Wednesday, July 14, 2010

Flubber Invention!

Last night I had a dream that I had invented Flubber. Apparently Boyfriend says I tossed and turned and talked in my sleep all night long. I was yelling at Flubber to get out of the kitchen sink. It was full of sudsy water and dirty dishes and I was afraid he was going to drown. Then I was chasing Flubber all over the place trying to catch him but he kept slipping through my fingers. I’ve been doing a lot of dreaming and talking and running in my sleep. I wake up exhausted.
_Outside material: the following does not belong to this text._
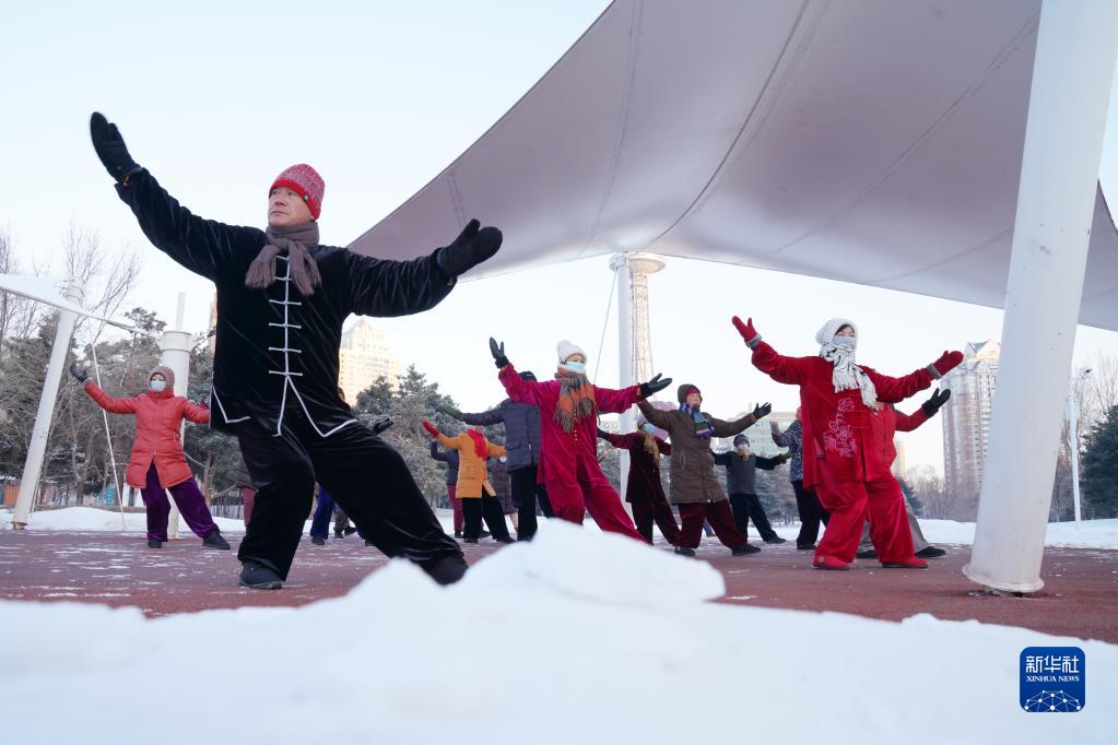 2022年1月2日,市民在哈尔滨市一个公园内健身。

I’m fighting the stream right now. I float a little ways down it then I start swinging my arms and try to fight my way back up it. I know the answer. The Truth. Be in the Water. Be Like Water. Stop resisting and let life happen. Flow down the Stream.
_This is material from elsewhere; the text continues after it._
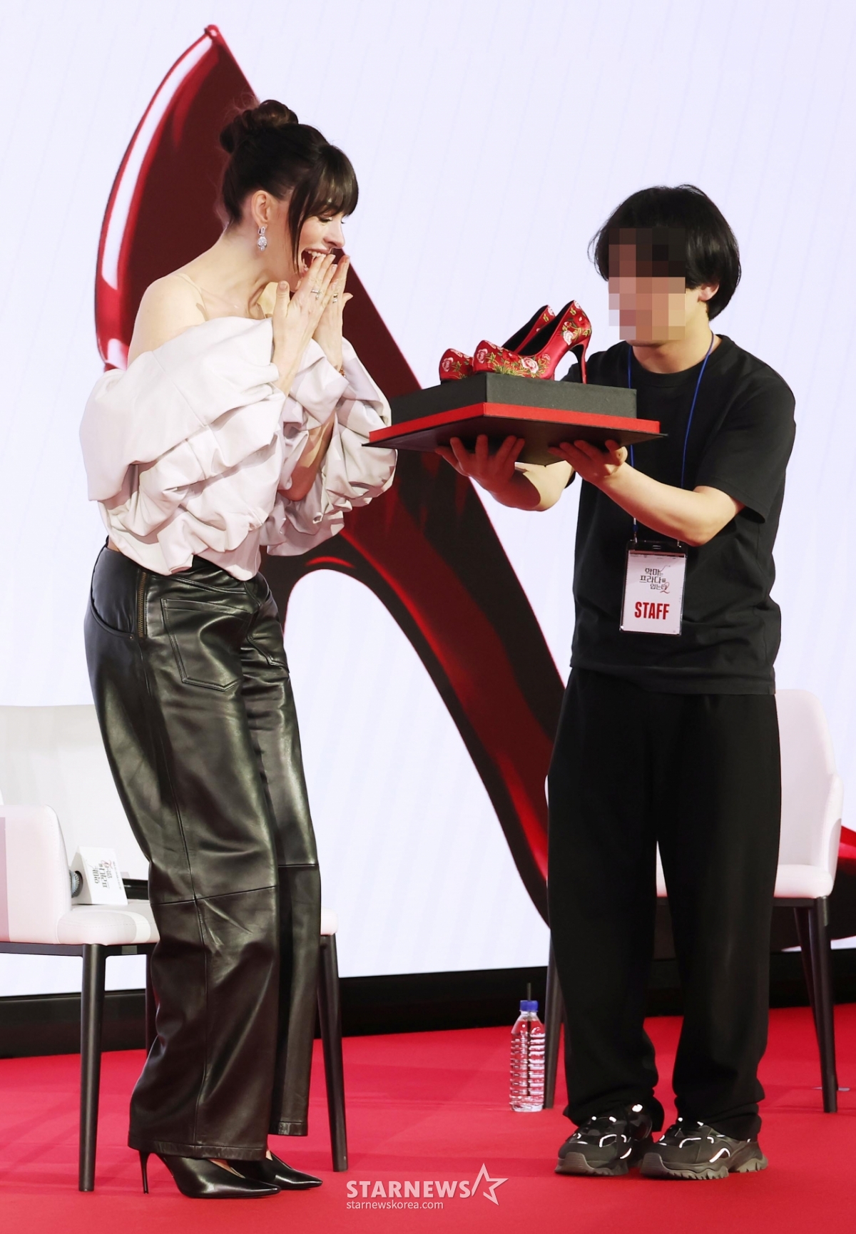 Actress Anne Hathaway will wear Prada, the movie 'The Devil Wears Prada' at the Four Seasons Hotel in Jongno-gu, Seoul on the morning of the 8th He is delighted after receiving high heels with a Korean design at a press conference in Korea.

The little Suzy that sits on the left shoulder says, “Bullshit. Fight it all the way. Kick the doors down. Make something happen right freakin’ now.” The little Suzy that sits on the right side of my shoulder says, “Shhhhh. Be Patient. Embrace the stillness. It‘s all going to happen when the timing is right and perfect”.

What’s going to happen? The Economy will turn around just for me. The Creditors will quit calling because they think I deserve a break. People will start buying 2 or maybe even 3 Latte’s a day so I can finally collect a check at the coffee shop and buy out my non-participating partners. Someone will pay off my mortgage so that the Foreclosure Notices will quit coming in the mail every 3 months. I’m going to find my house key laying on the table when I get home. The laundry will do it self. My run down P.O.C. Nissan will turn into a Land Cruiser with bright shiny chrome wheels and a tank full of gas.

Seriously, why is it so difficult to decide which things to Let Happen and which things to take control of. I believe that there is a little Gerbil running around in my head after dark, jumbling up all the boxes and mixing up the information.

Apparently last night said Gerbil took ‘Control the Universe’ out of the ‘Let God handle it’ box and put it in my ‘Do Today Box’. So. Its been a busy busy morning.

Every one I know is suffering from unwanted Change right now. My girlfriend who once made $20,000.00 a month, B.E.C. (Before Economy Crash) is considering a $7.25 an hour job supplemented by Food Stamps. My other single girlfriend told her landlord that she ‘definitely takes that 3 Day Pay or Vacate Notice seriously’ and is working on her current cash flow in hopes she won‘t have to take it so seriously that she needs boxes and packing tape. And I paid for my car insurance in quarters & dimes this month. Which, BTW Universe, I am thankful to have had.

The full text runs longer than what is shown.